The COX-2 inhibitor SC-236 was combined with the selective EGFR tyrosine kinase inhibitor ZD1839 (Iressa) and the DNA/RNA-mixed backbone oligonucleotide AS-PKAI to study their effect on human cancer growth and angiogenesis, measuring vascular endothelial growth factor (VEGF) and basic fibroblast growth factor expression and vessel formation, in vitro and after oral administration of these agents in mice.
A cooperative effect was observed with SC-236 in combination with either ZD1839 or AS-PKAI, as well as with all three agents together, on the proliferation of human colon and breast cancer cells in soft agar at doses that were ineffective for each agent alone. The antiproliferative effect was accompanied by inhibition of COX-2 expression. Moreover, combination of SC-236 with either agent or the triple combination markedly reduced VEGF secretion in the conditioned medium and completely suppressed VEGF and basic fibroblast growth factor expression. In nude mice bearing human colon cancer xenografts, a low, noninhibitory dose of SC-236 with ZD1839 and AS-PKAI, all given p.o., caused a dramatic cooperative antitumor effect, with no histological evidence of tumor in 60% of mice 5 weeks after treatment withdrawal, at which time all mice were alive. Moreover, analysis of tumor specimens revealed inhibition of vessel formation and expression of COX-2 and VEGF.
This is the first demonstration that three novel agents blocking multiple signaling pathways, in absence of cytotoxic drugs, may have a potent antitumor and antiangiogenic activity after oral administration. Because all agents are under clinical evaluation, our results provide a rationale to translate this feasible therapeutic strategy into a clinical setting.

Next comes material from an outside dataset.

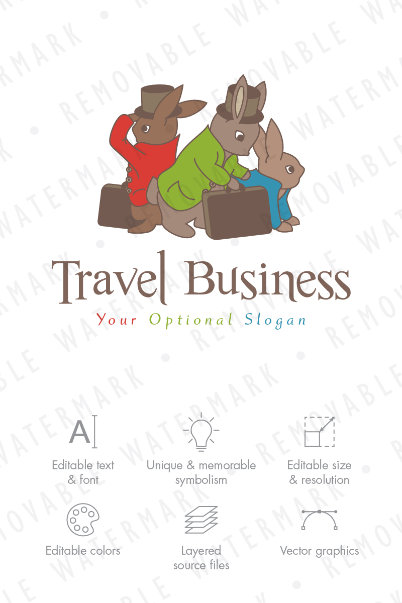 Download Шаблон логотипа "Bunny Travelers Logo Template" / Bunny Travelers Logo Template - Шаблон логотипа на тему графика trip fun adventure suitcase travel character family cartoon playful hat bunny rabbit hare mascot logo design template journey tourism illustration

表皮生长因子受体(EGFR)和蛋白激酶A I型(PKAI)在癌细胞生长和血管生成的调控中发挥重要作用。EGFR和PKAI的抑制剂在多种肿瘤类型的体外和体内均具有抗肿瘤活性,其中一些药物口服后也具有活性。越来越多的证据表明,环氧合酶(COX)-2在促进癌细胞增殖和血管生成中也发挥作用。COX-2的表达可由EGFR激活诱导,并受cAMP和PKA调控。EGFR抑制剂与非选择性COX-1/COX-2抑制剂联合使用可预防裸鼠肠道癌的发生。因此,我们研究了联合阻断COX-2、EGFR和PKAI是否能产生协同抗肿瘤作用。
将COX-2抑制剂SC-236与选择性EGFR酪氨酸激酶抑制剂ZD1839(易瑞沙)和DNA/RNA混合骨架寡核苷酸AS-PKAI联合使用,研究它们对人类癌症生长和血管生成的影响,检测血管内皮生长因子(VEGF)和碱性成纤维细胞生长因子的表达以及血管形成,分别在体外和给小鼠口服这些药物后进行观察。
观察到SC-236与ZD1839或AS-PKAI联合使用,以及三者共同使用时,在软琼脂中对人结肠癌细胞和乳腺癌细胞增殖具有协同作用,而单独使用每种药物时在相应剂量下均无效。这种抗增殖作用伴随着COX-2表达的抑制。此外,SC-236与任何一种药物联合或三联组合均显著降低了条件培养基中VEGF的分泌,并完全抑制了VEGF和碱性成纤维细胞生长因子的表达。在携带人结肠癌异种移植瘤的裸鼠中,低剂量、无抑制作用的SC-236与ZD1839和AS-PKAI口服给药后,产生了显著的协同抗肿瘤作用,停药5周后,60%的小鼠未发现肿瘤组织学证据,此时所有小鼠均存活。此外,对肿瘤标本的分析显示血管形成以及COX-2和VEGF的表达均受到抑制。
这是首次证明在无细胞毒性药物的情况下,三种新型药物阻断多个信号通路,口服给药后可能具有强大的抗肿瘤和抗血管生成活性。由于所有药物均处于临床评估阶段,我们的结果为将这种可行的治疗策略转化为临床应用提供了理论依据。